Does uniform integrability plus convergence in measure imply convergence in $L^1$?

Question

Does uniform integrability plus convergence in measure imply convergence in $L^1$?

I know this holds on a probability space. Does it hold on a general measure space? I have tried googling. It returned very few results on UI on measure spaces, and none of them mentioned a result like the one in the title. This comes from a discussion about another question.

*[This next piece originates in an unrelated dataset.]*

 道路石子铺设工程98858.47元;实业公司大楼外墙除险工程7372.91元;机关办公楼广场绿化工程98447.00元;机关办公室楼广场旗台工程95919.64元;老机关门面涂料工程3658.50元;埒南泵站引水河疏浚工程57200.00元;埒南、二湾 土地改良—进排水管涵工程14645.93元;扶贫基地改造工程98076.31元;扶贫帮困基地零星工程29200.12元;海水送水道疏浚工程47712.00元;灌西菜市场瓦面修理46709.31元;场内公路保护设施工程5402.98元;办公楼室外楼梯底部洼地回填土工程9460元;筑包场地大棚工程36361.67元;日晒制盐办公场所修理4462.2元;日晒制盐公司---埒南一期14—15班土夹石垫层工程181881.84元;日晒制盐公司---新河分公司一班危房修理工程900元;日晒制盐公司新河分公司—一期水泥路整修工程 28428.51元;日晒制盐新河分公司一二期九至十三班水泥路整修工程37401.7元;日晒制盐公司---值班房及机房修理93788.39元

The proof i have seen for a probability space breaks for a general measure space.

By UI, i mean $\sup_{f}\int_{|f|>h} |f|d\mu $ goes to $0$ as $h$ goes to infinity.

Answer 1

On $\Bbb R$ with Lebesgue measure, the sequence $(f_n)$ defined by $f_n={1\over n}\cdot \chi_{[n,2n]}$ for each $n$ would furnish a counterexample. Here, $\chi_A$ is the indicator function on the set $A$.

Answer 2

As David Mitra showed, the result does not hold with this definition of uniform integrability. The main reason is that it is not adapted to infinite measure spaces: if $f$ is a bounded function, then $\{f\}$ is a uniformly integrable (UI) family but $f$ may be not integrable it self.

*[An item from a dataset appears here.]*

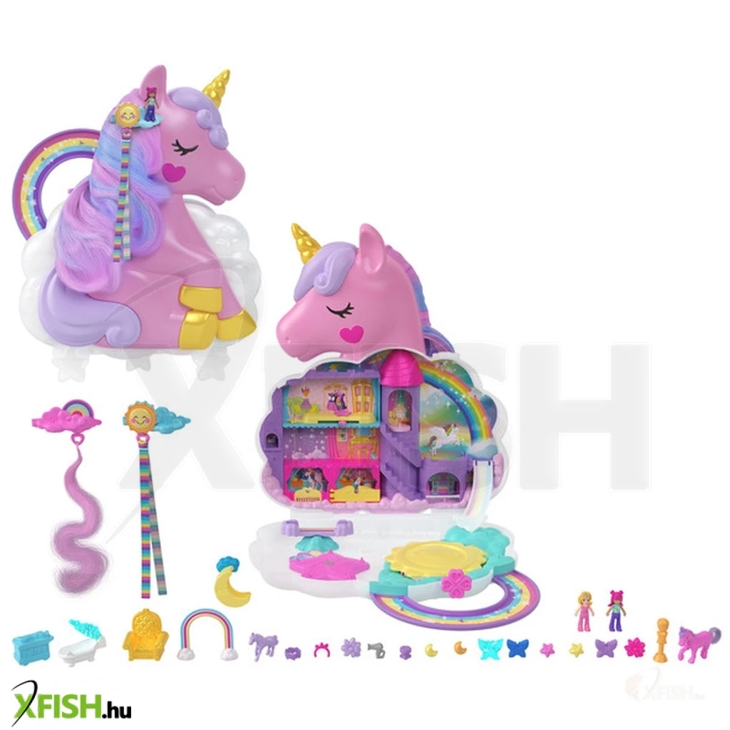 A szett tartalmaz egy Polly Pocket babát és számos kiegészítőt, amelyekkel a gyerekek saját történeteket alkothatnak. A szalonban különböző hajformázó eszközök, fésűk és hajcsatok találhatók, amelyekkel az unikornis puha haját lehet formázni és díszíteni. A szivárványos hordozófogantyúval ellátott doboz könnyen szállítható, így bárhová magukkal vihetik a gyerekek.

We rather use the definition

The family $\{f_i,i\in I\}$ is uniformly integrable if for each $\varepsilon\gt 0$, there is an integrable function $g$ such that $$\sup_{i\in I}\int_X(|f_i|-g)^+\mathrm d\mu\lt\varepsilon.$$

With this definition, we have the result

Let $(X,\mathcal A,\mu)$ be a measure space, $\{f_n,n\geqslant 1\}$ a UI sequence and $f$ such that $f_n\to f$ in measure. Then $f_n\to f\in\mathbb L^1$.

Proof: Considering $B_{n,k}:=\{|f_n|\geqslant k^{-1}\}$, that we rearrange into an increasing sequence $(A_k)_{k\geqslant 1}$, we have by an approximation argument that $$\lim_{k\to \infty}\sup_n\int_{X\setminus A_k}|f_n|\mathrm d\mu=0.$$ Fix $(f_{n'})$ a subsequence of $(f_n)$. Using a diagonal argument, we can extract a further subsequence $(f_{n''})$ which converges almost everywhere to $f$. We thus have by Fatou's lemma: $\int_{X\setminus A}|f|\mathrm d\mu=0$ where $A:=\bigcup_kA_k$. We then conclude by dominated convergence.